* **EXERCISE DESCRIPTION**
Among the records below, find the line with "Fig-1: Western blot" and the line with "10일 서울 강남구 영동대로". Set down both and every line between, exactly and with no pictures, but nothing else.

:: DATA FOR THIS TASK ::

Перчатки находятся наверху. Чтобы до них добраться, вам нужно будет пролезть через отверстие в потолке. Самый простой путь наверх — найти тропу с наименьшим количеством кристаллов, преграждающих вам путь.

:::
:: DATA FOR THIS TASK ::

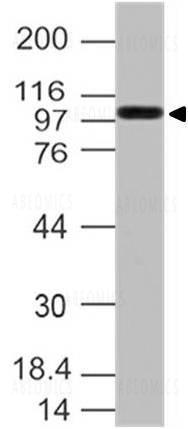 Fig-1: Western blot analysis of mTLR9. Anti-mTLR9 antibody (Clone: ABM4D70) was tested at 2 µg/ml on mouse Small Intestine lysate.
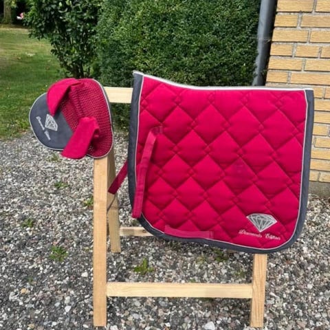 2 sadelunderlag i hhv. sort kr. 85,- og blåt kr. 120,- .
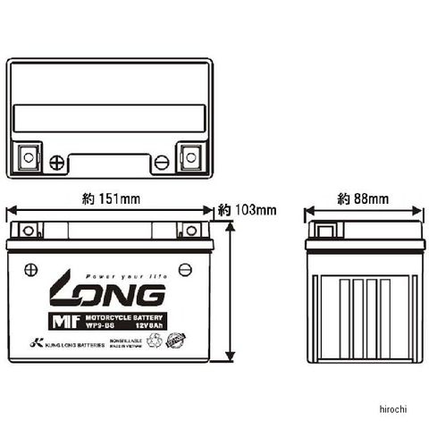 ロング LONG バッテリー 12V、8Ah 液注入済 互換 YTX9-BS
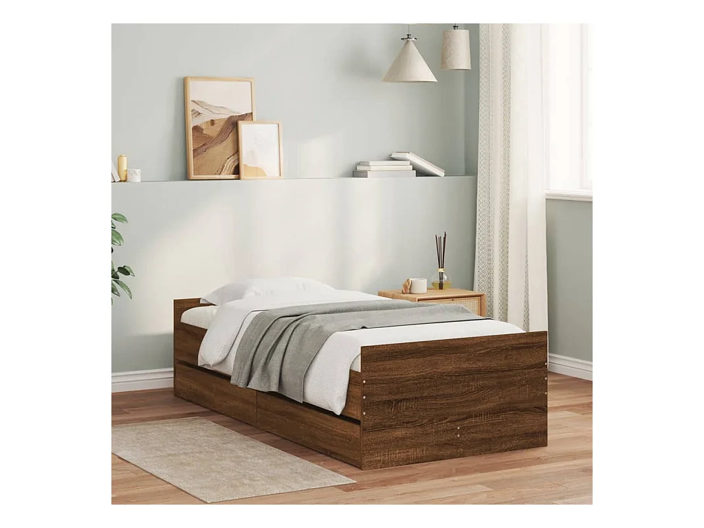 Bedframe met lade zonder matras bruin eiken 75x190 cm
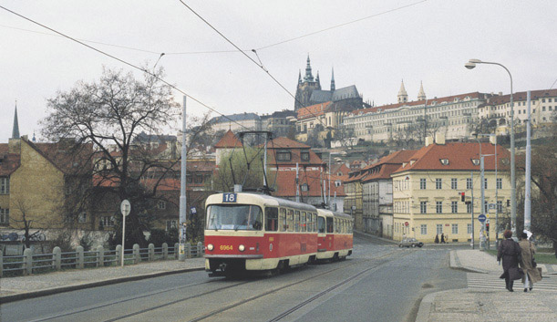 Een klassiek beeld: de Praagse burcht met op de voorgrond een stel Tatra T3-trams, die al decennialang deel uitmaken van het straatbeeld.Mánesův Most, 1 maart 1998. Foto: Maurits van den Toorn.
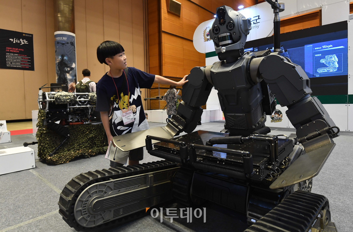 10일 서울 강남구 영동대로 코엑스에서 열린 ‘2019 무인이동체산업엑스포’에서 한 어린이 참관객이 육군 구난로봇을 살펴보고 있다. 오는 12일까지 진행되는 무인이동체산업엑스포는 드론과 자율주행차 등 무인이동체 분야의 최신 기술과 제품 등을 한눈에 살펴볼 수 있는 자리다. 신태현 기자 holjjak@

:::
:: DATA FOR THIS TASK ::

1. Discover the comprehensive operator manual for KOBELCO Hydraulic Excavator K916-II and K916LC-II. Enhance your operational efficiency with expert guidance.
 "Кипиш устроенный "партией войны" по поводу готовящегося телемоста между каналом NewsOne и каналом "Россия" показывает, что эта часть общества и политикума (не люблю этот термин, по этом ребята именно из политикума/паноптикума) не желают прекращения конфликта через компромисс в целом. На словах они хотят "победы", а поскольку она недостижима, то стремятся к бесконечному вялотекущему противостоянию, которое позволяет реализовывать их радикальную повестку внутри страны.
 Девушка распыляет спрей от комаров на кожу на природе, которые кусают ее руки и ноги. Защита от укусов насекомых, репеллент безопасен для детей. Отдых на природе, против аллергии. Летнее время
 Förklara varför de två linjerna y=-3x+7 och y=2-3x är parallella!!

:::

* **REPLY TO THE TASK**
 Fig-1: Western blot analysis of mTLR9. Anti-mTLR9 antibody (Clone: ABM4D70) was tested at 2 µg/ml on mouse Small Intestine lysate.
 2 sadelunderlag i hhv. sort kr. 85,- og blåt kr. 120,- .
 ロング LONG バッテリー 12V、8Ah 液注入済 互換 YTX9-BS
 Bedframe met lade zonder matras bruin eiken 75x190 cm
 Een klassiek beeld: de Praagse burcht met op de voorgrond een stel Tatra T3-trams, die al decennialang deel uitmaken van het straatbeeld.Mánesův Most, 1 maart 1998. Foto: Maurits van den Toorn.
 10일 서울 강남구 영동대로 코엑스에서 열린 ‘2019 무인이동체산업엑스포’에서 한 어린이 참관객이 육군 구난로봇을 살펴보고 있다. 오는 12일까지 진행되는 무인이동체산업엑스포는 드론과 자율주행차 등 무인이동체 분야의 최신 기술과 제품 등을 한눈에 살펴볼 수 있는 자리다. 신태현 기자 holjjak@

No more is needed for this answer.